While working on Spark Event listener, am bit confused with the way Spark is behaving.
Scenario 1: Hive table created using Hive cli
Suppose EMPLOYEE is the hive external/internal table created using hive cli and when we read this table through Spark (either api/sql) the LogicalPlan generated has reference to catalog object that provides clear details of Hive database and Hive table name as below
CatalogTable(
Database: company
Table: EMPLOYEE
Created Time: Mon Jun 01 02:59:11 GMT 2022
Last Access: UNKNOWN
Created By: Spark
Type: MANAGED
Provider: orc
)
Scenario 2: Hive table created using Spark
Suppose if the same EMPLOYEE table is created using Spark api (saveAsTable)and when we read back this table through spark (either api/sql) the LogicalPlan generated has reference to HDFS path but not Catalog table object though this table is available in Hive catalog and is accessible through hive cli as like earlier EMPLOYEE(created thru Hive cli) or other tables.

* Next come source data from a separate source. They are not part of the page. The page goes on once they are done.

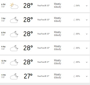 So the match will begin at 8.00 pm IST. The best part is that the rain Gods are expected to stay away from the fixture. As per Accuweather.com, you could have a low possibility of a passing shower which could obstruct the game. Apart from that, there would be no rain. The weather will be around 27-29 degrees Celcius. The precipitation percentage will be reduced to 20 per cent around 7.00 pm local time and will remain constant throughout the evening.
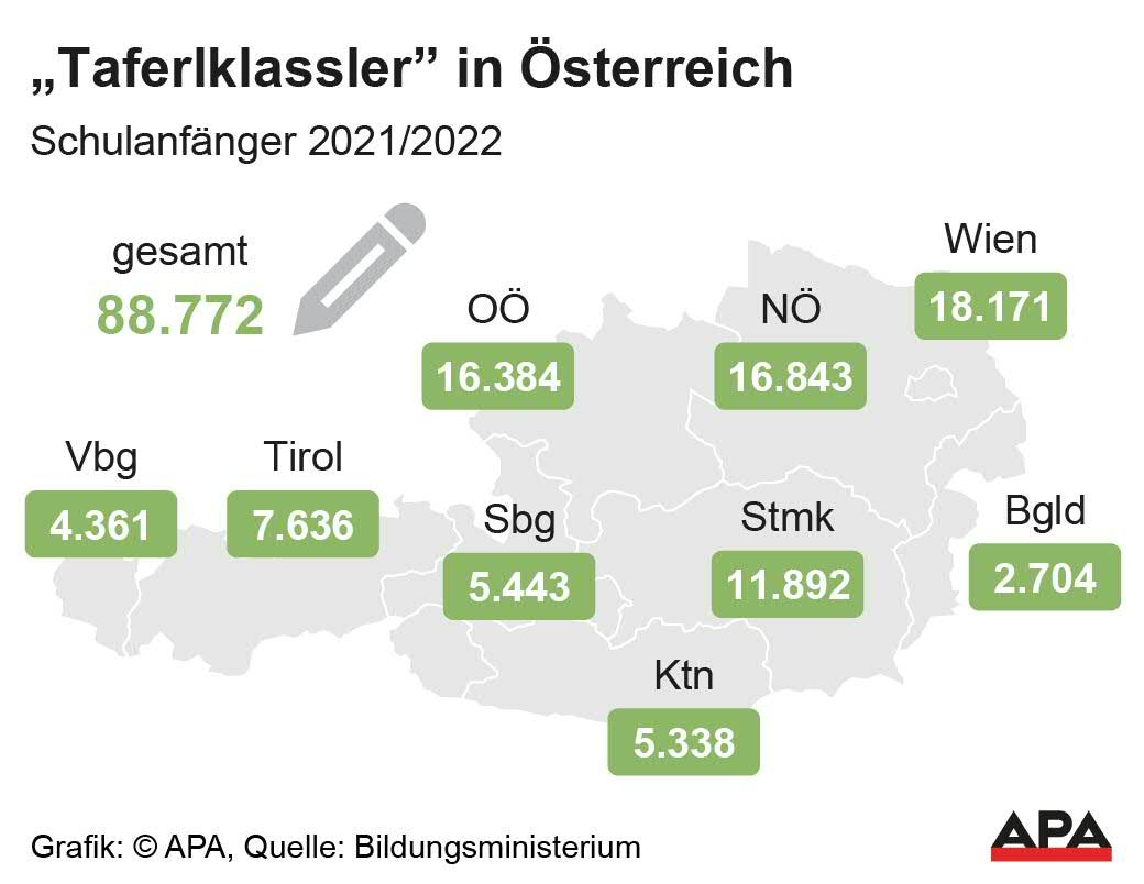 In Wien, NÖ und dem Burgenland starten laut Zahlen des Bildungsministeriums am 6. September rund 37.700 Kinder in den ersten Schultag, in den restlichen Ländern sind es am 13. September dann rund 51.000.
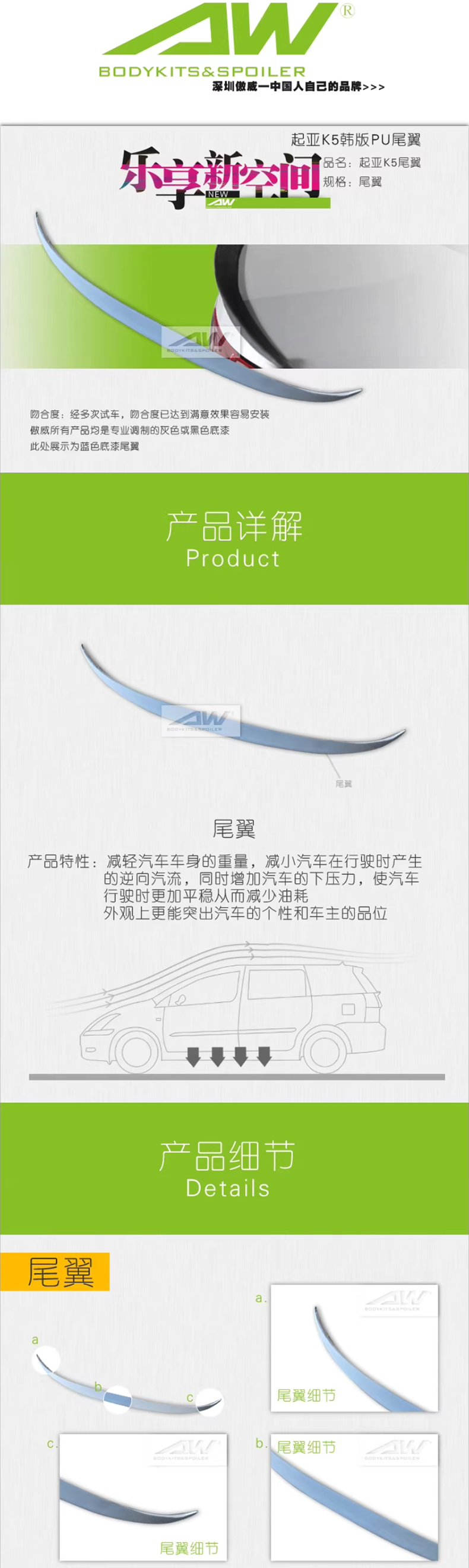 起亚K5 改装 韩版PU尾翼 起亚K5尾翼起亚尾翼 K5PU定风翼
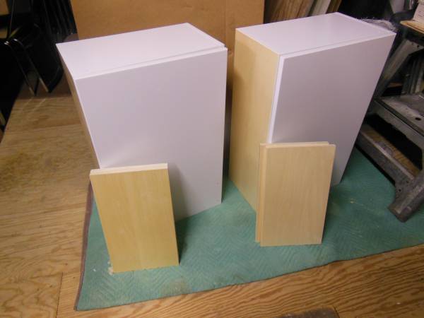 Available are 2 white upper cabinets like new. They were prepped for install but not installed. Size 12" deep + 1" for door, 21" wide, 33" high.
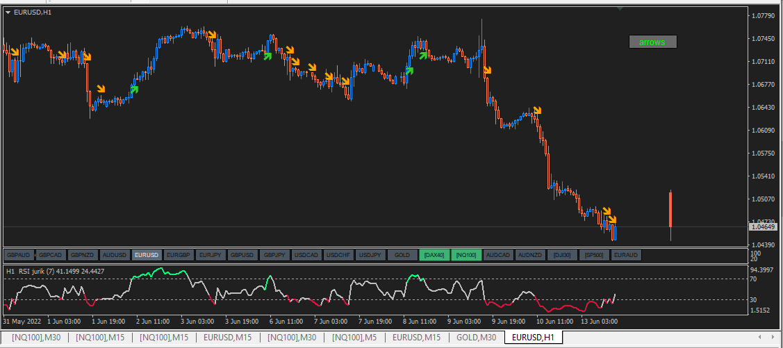 6 type of rsi, mtf with AHTF , arrows, alerts. Adjustable levels and two mode for arrows- signal to oposite signal or all break levels arrows..

Following is the spark code used to write EMPLOYEE table just in case if it helps.
SparkSession spark = SparkSession
.builder()
.appName("HiveZipCodePipeline")
.enableHiveSupport()
.getOrCreate();
spark.sparkContext().setLogLevel("DEBUG");
Dataset<Row> sqlDF = spark.read().table("company.emp_source");
sqlDF.write().mode(SaveMode.Overwrite).format("csv").saveAsTable("company.employee");
spark.close();
Why is this difference? How can we deduce that in the second scenario the source is still a Hive table?